Мои познания в мире современного искусства были достаточно велики, но ничего подтверждающего слова Марии Давидовны, на память не пришло. Наверно сказка для погруженных. Интерес к продолжению речи у меня сразу пропал. Стоял, слушал в пол уха, и чтобы развеять скуку, я оглядел группу новоприбывших. Мои сверстники испытывали интерес и смущение в непривычной обстановке, в добавок еще не все опомнились после процедуры погружения. А серьезная дама в строгом костюме продолжала вещать.

– Ученые не нашли иных особенностей аномалии, что позволило открыть нашу школу, по желанию мастера Ярослава. Если перейти к главному, то занятия начнутся завтра. Мы создали идеальные условия для творчества, все ради вас. Однако аномалия не стабильна, и требует соблюдения ряда правил. Они давно составлены и доступны для чтения в локальной сети. А сейчас я передаю слово Вадиму Родионовичу, лицу от науки, – дама приосанилась и отошла в сторону.

Ее место занял типичный оператор вычислительного центра, немного помятый, косматый и бородатый, но причесанный. На самом деле он был страшноват. Бледное большое лицо с глубокими складками, взгляд глубоко посаженных глаз, и очень широкие плечи, при таком маленьком росте. Наверное, старший куратор в закрытой школе обязательно должен вселять ужас и трепет. Мне смешно, а погруженным – удар по нервам. Вырванный из уютного кабинета большой начальник пробормотал ничего не значившее вступление скорее из вежливости, и перешел к главному.

– Аномалия пульсирует, как бы дышит, чередуя волны вдохновения откатами в виде приступов апатии и неприязни. Я настоятельно рекомендую подчиниться этому ритму. Если вы не удерживаетесь на волне вдохновения и ощущаете неясную тоску, лучше оставить работу и отдохнуть. Для этого вам предоставлены все условия, завтра сами увидите. Мы стараемся ради вас. В противном случае нервная система быстро утомляется. Через некоторое время ученик глубоко засыпает, и ему требуется процедура перезагрузки, которую мы давно освоили, поэтому волноваться не о чем.

Вадим Родионович ответил на пару вопросов, и с недовольным видом покинул условную трибуну, а мужеподобная дама заговорила с удвоенной скоростью и страстью в голосе:

– Ваши творческие достижения не являются для нас пустым звуком, а требуют реальных поощрений. Мы разработали систему начисления баллов, которыми вы будете рассчитываться в столовой и нескольких магазинах. Они находятся внутри здания школы. Помните, все ради вас.
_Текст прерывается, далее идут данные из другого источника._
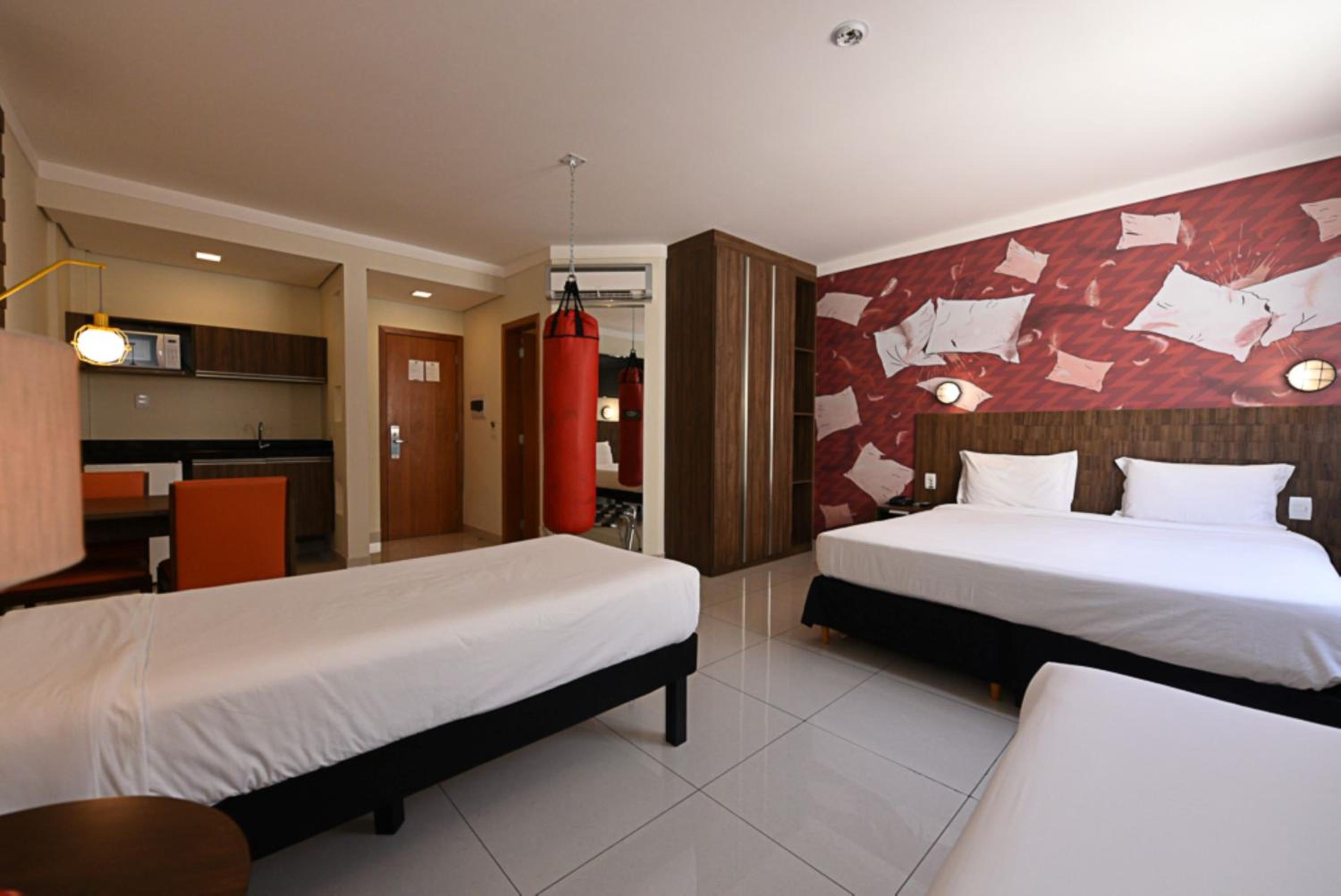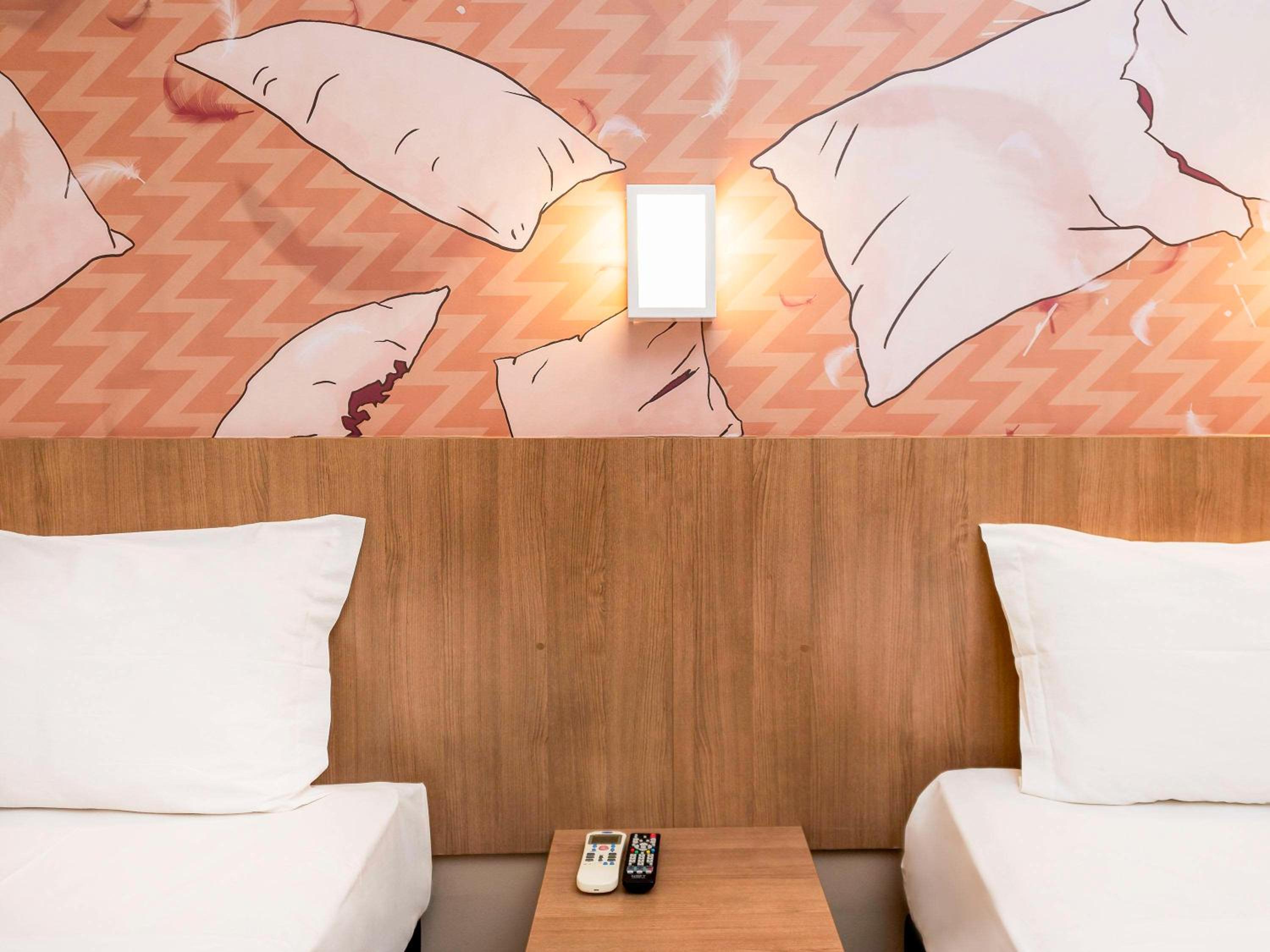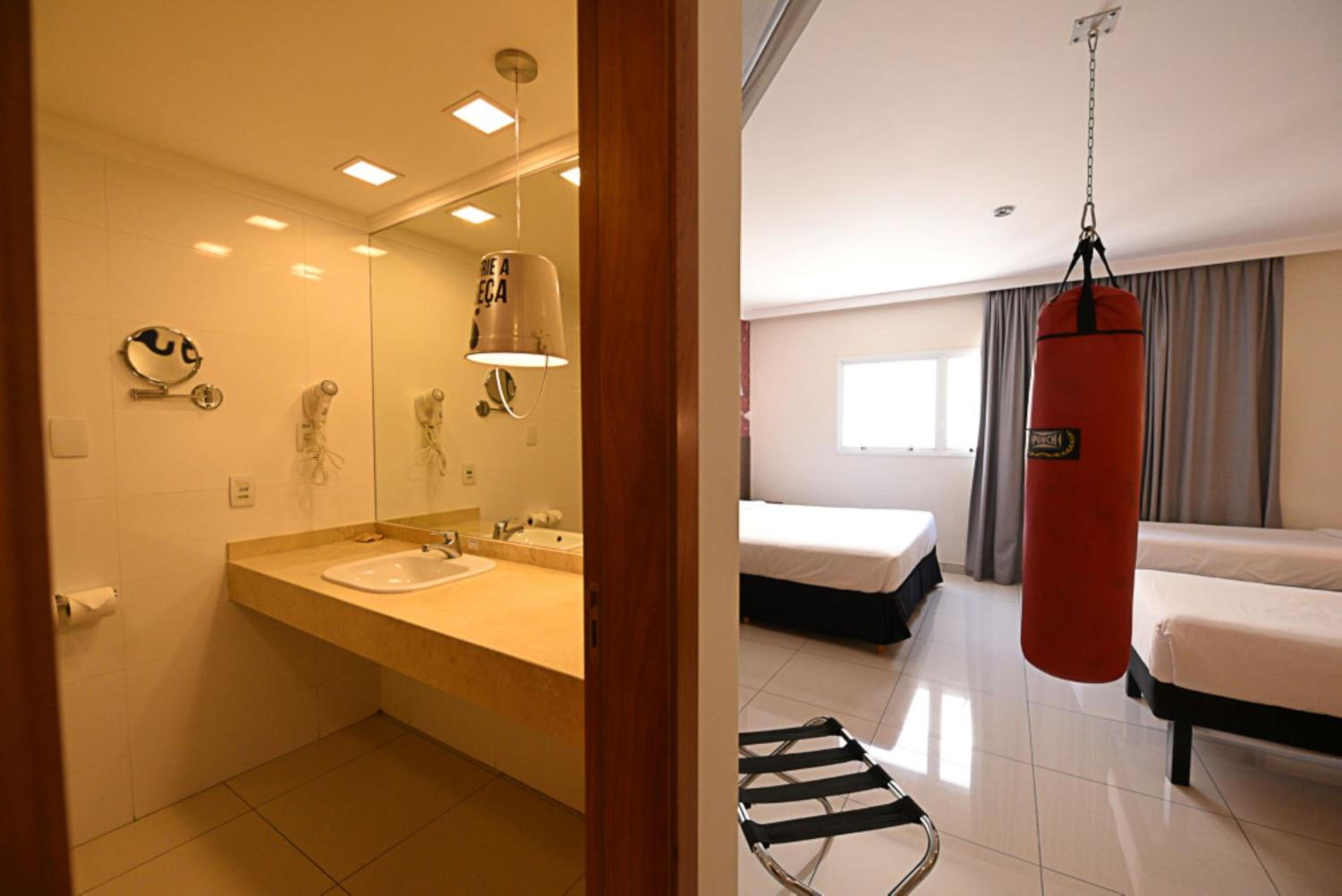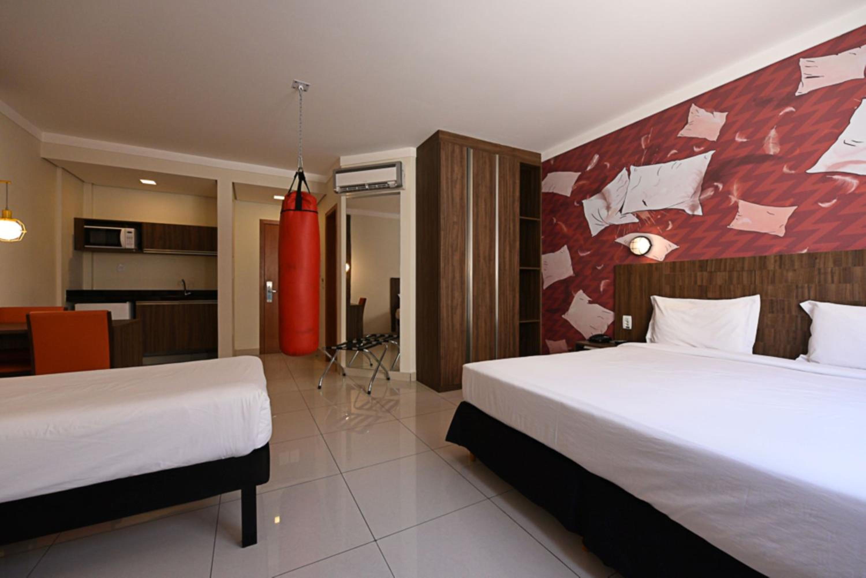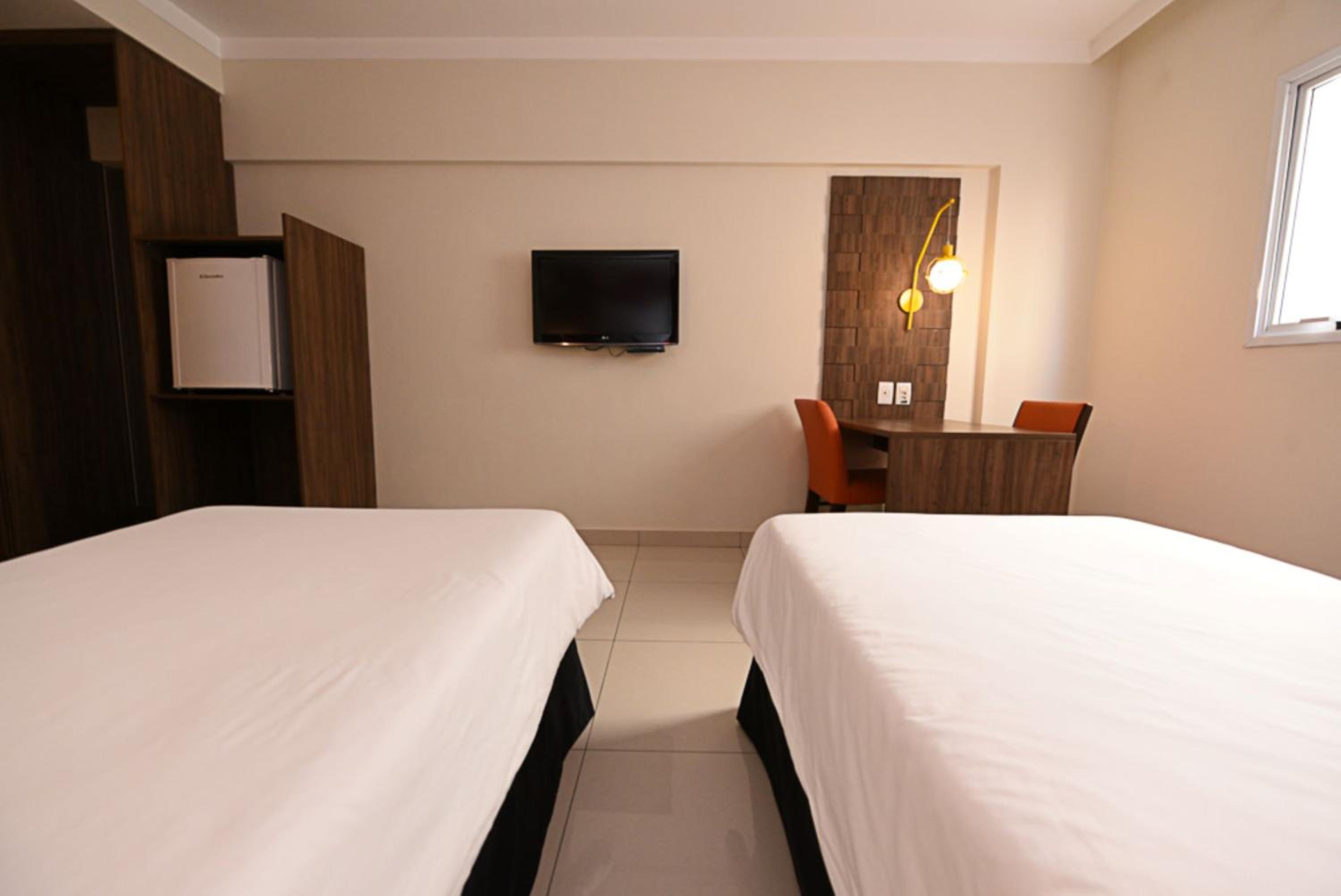 All rooms at Ibis Styles Piracicaba are modern, air-conditioned, and equipped with flat-screen TVs, minibars, and private bathrooms with hot showers. The warm lighting creates a cozy ambiance for guests to relax in.

– А если я ничего не нарисую, то буду ходить голодным и без новых карандашей? – громко спросил долговязый парень с лицом истинного исландца.

– Вовсе нет, – ответила Мария Давидовна, – Возможно вам повезет, и вы всегда будете на волне вдохновения, а на случай неудачи мы предусмотрели дополнительный метод получения баллов. Отдыхать крайне необходимо, но пропущенные занятия нужно компенсировать. Три-четыре часа простого физического труда достаточно, чтобы закрыть свои потребности, а поручения всегда найдутся.

– Блин. Вот мы попали. И мне кажется уже тоскливо, – раздался сдавленный голос совсем юного парня, у меня из-за спины.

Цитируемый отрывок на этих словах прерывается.